Mixing up Solvency II data a threat to insurers
Analytics company Teradata has announced its Teradata Solvency II software which is available immediately – enabling, in the company’s words, insurers to respond to rapidly evolving Solvency II regulatory risk requirements.
Solvency II is a portfolio that encompasses breakthrough risk management data infrastructure, hardware, software, and services for the enterprise which, Teradata claims, can empower insurers to make the best decisions.
With deadlines for Solvency II risk management compliance approaching in 2013 and 2014, the company says insurers are faced with unordered, complex finance and risk data infrastructure. Insurers need to make key decisions on how to implement a range of data warehousing services as required, including in risk management, governance, data quality and management, regulatory compliance, capital management, and supporting business intelligence.

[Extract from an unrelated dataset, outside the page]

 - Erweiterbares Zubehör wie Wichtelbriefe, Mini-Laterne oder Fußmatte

The package comes as a single suite of infrastructure for analytics. It also includes Teradata’s Insurance Industry Logical Data Model, Solvency II Data Catalogue, Teradata Purpose-Built Platform Family, Teradata Database, and Teradata Professional consulting. There are also built in accelerator capabilities, which the company claims helps insurers to deploy the technology in any environment with lower risk.

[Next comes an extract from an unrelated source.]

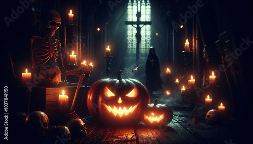 horror halloween atmosphere in haunted church at dark, skeleton , demon, walking dead, devil, ghost cleric
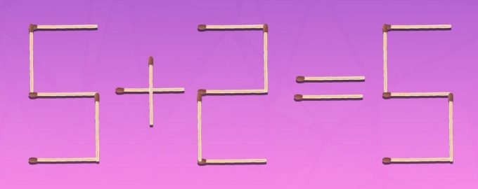 Az alábbiakban egy olyan képet láthatsz, ahol az 5+2=5 egyenlőséget gyufákkal rakjuk ki. Összesen 19 gyufát használtunk.

John Burke, vice president at Teradata Corporation, believes that “complexity is the killer” for insurers. “Those insurers that do not adopt a unified approach will suffer,” Burke said. “If the data are suspect and difficult to collect and organise, then the modeling, analysing, and reporting are suspect – making the wrong decision about Solvency II data infrastructure will have profound costs, literally doubling or tripling the ultimate project expenditures”.